Retirees Should Expect to Pay More For Prescription Drug Costs…

MEDICARE PART D HELPS retirees pay for their prescription drugs. But these prescription drug plans have a variety of out-of-pocket costs that vary based on the policy you select. Here are some of the medication costs you can expect in retirement.

Premiums. 

The average Medicare Part D premium was $41 per month in 2018, up 11 percent since 2015, according to a Kaiser Family Foundation analysis of Centers for Medicare & Medicaid Services data. However, premiums vary significantly based on the plan you select. Among widely available Part D plans, premiums ranged from $20 to $84 per month. Some Part D plans increased their premiums by more than $10 per month in 2018, and a few plans had slight decreases in premiums.

Deductibles. 

The majority of Medicare Part D plans (55 percent) have a deductible before medications will be covered. Most plans with deductibles charge the maximum possible deductible of $405 in 2018, but some plans (9 percent) charge a smaller deductible. About 45 percent of Part D plans don’t have a deductible. “Plans can change a deductible, which is the amount that people have to pay out-of-pocket before the plan coverage begins,” says Juliette Cubanski, associate director of the Program on Medicare Policy at the Kaiser Family Foundation. “Some plans don’t have a deductible, and some plans charge less than that standard $405 amount.”

Copays. 

Medicare Part D plans have a formulary, or list of covered medications. These medications are typically grouped into tiers that have different costs for plan participants. Medications in the preferred generics tier frequently have low copays of a median of $1, and sometimes drugs on this tier have no-copay.
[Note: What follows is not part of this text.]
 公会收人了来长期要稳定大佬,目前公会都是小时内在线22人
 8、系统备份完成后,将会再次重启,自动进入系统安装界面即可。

Drugs on the non-preferred generic tier generally have slightly higher copays, and medications on the preferred brand name tier have much higher copays of a median of $37. “Most enrollees pay under $40 for preferred brand drugs,” says Aditi Sen, an assistant professor of health policy and management at the Johns Hopkins Bloomberg School of Public Health in Baltimore. “Non-preferred brand drugs are likely to be much more expensive.”

Coinsurance. 

Retirees who need to take medications classified as non-preferred brand name drugs or specialty drugs often need to pay coinsurance, or a percentage of the price of the medicine. “An issue with coinsurance is that people’s actual out-of-pocket costs will depend on the underlying list price of the drug,” Cubanski says. “They might not know how much they will be paying out-of-pocket until they actually go to fill their prescription.” Those taking non-preferred brand name drugs typically need to pay between 35 and 45 percent of the cost of the medication.

Retirees who require expensive specialty drugs are often required to come up with 25 or 33 percent of the cost themselves. “Coinsurance can be very high for specialty drugs, leading to retiree costs in the hundreds of dollars per month,” says Julian Reif, assistant professor of finance and economics at the University of Illinois. The Centers for Medicare & Medicaid Services defines specialty drugs as those that cost at least $670.

Uncovered medications. 

Prescription drug plans often don’t cover medications that can be purchased without a prescription that some seniors depend on. “Things not included are vitamins and most over-the-counter medications,” says Becky Briesacher, an associate professor of pharmacy and health systems science at Northeastern University in Boston. “My research finds these types of medications may be burdensome to someone with Medicare Part D coverage.”

Medicare Part D plans are allowed to change their lists of covered medications each year. A drug that was covered in the past may not be covered at all in the future, or could be shifted to a tier with higher costs. “Part D plans have different formularies, so the most important thing retirees should do is check to ensure that their drugs are covered by the plan,” Sen says.

Medicare beneficiaries can use the Medicare Plan Finder tool to find out which plans in their area cover their medications and how much they are likely to pay out-of-pocket under each option. “Retirees can use this resource to check that the medications they need are covered by the plan’s formulary and whether their drugs are on the formulary’s preferred tier, which means they will pay less out-of-pocket,” Sen says. “Retirees can also use the Plan Finder to compare estimated annual costs for each available plan – taking into account premiums, deductibles and cost-sharing – so that they enroll in the most appropriate plan.”